In December 2019, Ursula von der Leyen announced the goal of becoming climate neutral by 2050 as part of the European Green Deal. In July of this year, the European Commission presented the comprehensive “Fit for 55” package, which aims to set the EU on the ambitious path to a greenhouse gas emissions reduction of at least 55 per cent by 2030.
An essential element for success is the creation of a second emissions trading system for the transport and buildings sectors, or rather for the fossil fuels used there, i.e. petrol, diesel, heating oil and gas for heating. Each fuel, oil or gas supplier would then have to purchase certificates in proportion to the amount of fuel supplied, corresponding to the CO2 emissions released by the combustion of the fuel. Together with the planned expansion of the already existing emissions certificate trading for energy and industry, about 80 per cent of the emissions in Europe would then be subject to carbon pricing. Since the number of certificates is to be based on the EU’s reduction target, its achievement would be largely ensured.
This requires a joint European effort. Currently, the price for an emissions certificate in the energy and industry sectors is around 60 euros per tonne of CO2. According to a ZEW simulation of the European Commission’s proposal, the price in the transport and buildings sectors could rise to over 300 euros if the reductions are distributed as currently planned. To put this in perspective, the price of petrol would then rise by about 85 cents per litre. The study also shows that a more efficient distribution of the reductions among the sectors, namely more reductions in energy and industry and less in the “more expensive” sector of transport and heat, would distribute costs more evenly and thus lead to total cost savings of up to one per cent of GDP annually.
The question of how many emissions should be reduced in which sectors, and even more fundamentally whether there will be a second emissions trading system at all, is currently being negotiated at the European level. Some countries like France and Poland are not yet convinced. Among other things, they fear that higher petrol prices could lead to social upheaval. The planned European Social Fund, which aims to redistribute the revenues from the new emissions trading system to those in particular need, therefore has an important function. It is to be welcomed that the three coalition parties support the creation of a separate European emissions trading system in their agreement. Germany has already introduced a second national emissions trading system for the transport and buildings sectors. A Europe-wide expansion of this system would increase efficiency across borders – emissions would then be reduced throughout Europe where it is cheapest.

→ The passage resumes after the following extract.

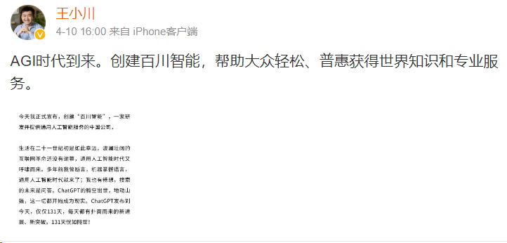 到了4月,搜狗创始人王小川也宣布开启人工智能大模型领域创业,新公司被命名为百川智能,目前已经获得了5000万美元启动资金,这些资金均来自王小川与其业内好友的个人支持。

However, a consistent European climate policy also has important consequences for national climate protection plans. Since the two emissions trading systems would largely guarantee the European reduction target – with the exception of agriculture – the achievement of national targets would become secondary. If one country reduces more emissions, another will reduce less – if one country needs fewer certificates, others will have more available. National sectoral targets lose even more importance: although they can serve as orientation, they force politics and companies into a narrow and thus expensive system and have no real (European) climate impact if they are pursued too rigidly. In this respect, it is to be welcomed that the three coalition parties have agreed to dispense with an annual sanction-based control of the sectoral targets.
If the European climate measures are successfully implemented, the hierarchy of political decision-making in climate policy will shift: Europe will then be responsible for achieving the European climate targets with the two emissions trading systems. Germany must ensure that achieving the European emissions target is also socially and technically feasible. Measures accompanying the transformation, such as support programmes in lignite regions and, above all, the expansion of energy infrastructures, e.g. the electricity grid and charging infrastructure, will be in focus. The faster grid expansion stipulated in the new coalition agreement, the goal of establishing one million public charging stations by 2030 and the acceleration of planning and approval procedures for renewable energies are essential for this. A meticulous pursuit of national emissions targets, on the other hand, is less important.